-- DATA EXTRACT --
+===+

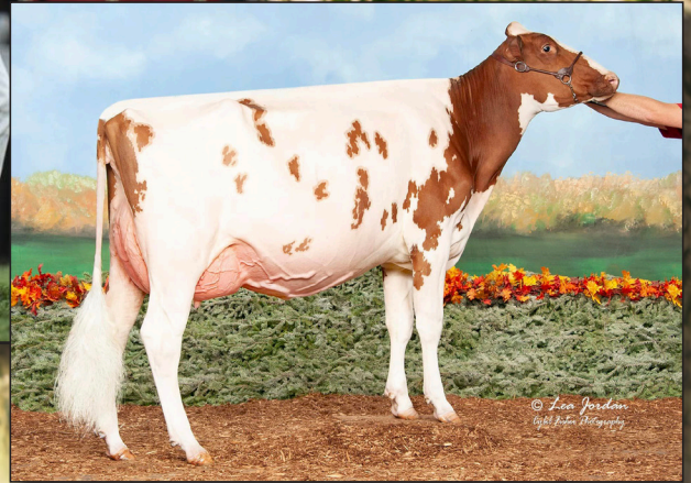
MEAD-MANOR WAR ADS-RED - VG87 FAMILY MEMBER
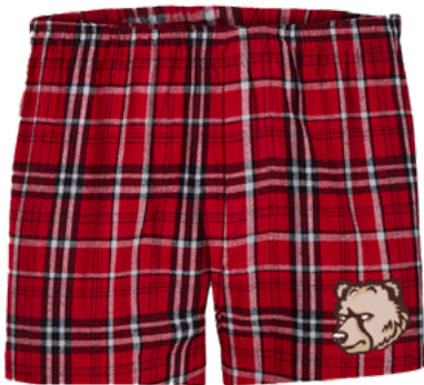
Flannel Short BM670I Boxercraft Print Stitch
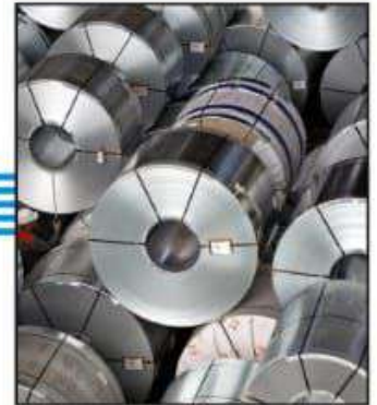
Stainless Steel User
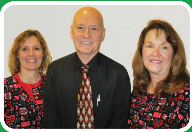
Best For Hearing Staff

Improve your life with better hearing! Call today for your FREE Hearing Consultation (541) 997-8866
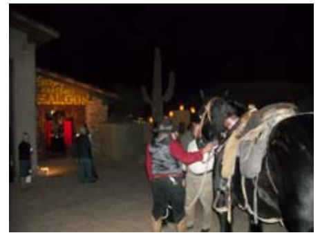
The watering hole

+===+

-- WORK INSTRUCTIONS --
Return exactly, with no pictures, each line from the one that contains "Improve your life" through the end of the entries above, both ends included.

-- RESULT OF THE EXERCISE --
Improve your life with better hearing! Call today for your FREE Hearing Consultation (541) 997-8866
The watering hole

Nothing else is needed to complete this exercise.